Rosacea: Alzheimer’s of the Face

Is Rosacea Caused by Amyloid LL-37, as Alzheimer’s Is Caused by Anti-microbial Abeta?
A recent article in PLoS One (Thanks Daniel!) suggests that the amyloid beta (Abeta) proteins that aggregate to form fibrous plaques in the brain tissue of Alzheimer victims, function as typical defensive anti-microbial peptides (AMPs), similar to the LL-37 cathelicidin implicated in facial tissue in rosacea.  The structural and functional similarities of Abeta and LL-37 suggest to me that Alzheimer’s and rosacea may also be similar in initiation and treatment.  Let’s compare amyloids and AMPs.
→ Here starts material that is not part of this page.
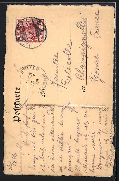 gelaufen 1906, Eckknick re. oben, guter Zustand
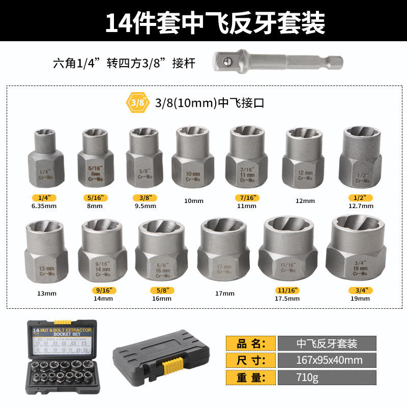 Select nowmodel: 14-piece nut removal reverse thread socket set (black box)

[The figure shows a model protein (from ref.) used to examine stain binding to amyloids.  The stains appear to bind to aromatic amino acids spaced evenly between adjacent proteins, but adjacent basic amino acids (blue) are spaced the same way and provide sites for heparin binding.]

Amyloids:

• Amyloid proteins/peptides align into stacks and fibers
• Stacked beta sheets bind amyloid stains: Congo Red, Thioflavin-T
• Fibers form on anionic polymers: heparin, DNA
• Short amyloid stacks are toxic to cells
• Proteases produce multiple sizes of amyloid peptides

Anti-microbial Peptides:

• AMPS typically contain heparin-binding domains -- basic peptides/ plus charge
• Some AMPs, e.g. LL-37, form fibers on DNA, heparin (stain with amyloid stains)
• Toxic to cell membranes
• Kallikrein stimulated by gut flora migrates to face and clips LL-37 to a smaller peptide that binds to host DNA and stimulates the TLR receptor to produce inflammation
• Stomach pepsin hydrolyzes dietary proteins into anti-microbial peptides (heparin is secreted by mast cells onto to the intestinal surface to protect from any amyloid-like effects)
• Defensins, cathelicidins and other AMPs are under transcriptional control of vitamin D receptor

Abeta Is Anti-microbial Like LL-37

Amyloid beta is the well-known source of the fibrous plaques forming brain lesions in Alzheimer’s disease.  The normal function of Abeta has not been firmly established.  The recent article shows data to support Abeta as an anti-microbial peptide comparable to LL-37 against several pathogenic bacteria and yeast.  Knock-out mice deprived of a gene corresponding to Abeta are susceptible to bacterial infections.  The anti-microbial activity present in extracts from Alzheimer’s disease brains was inactivated by anti-Abeta antibodies.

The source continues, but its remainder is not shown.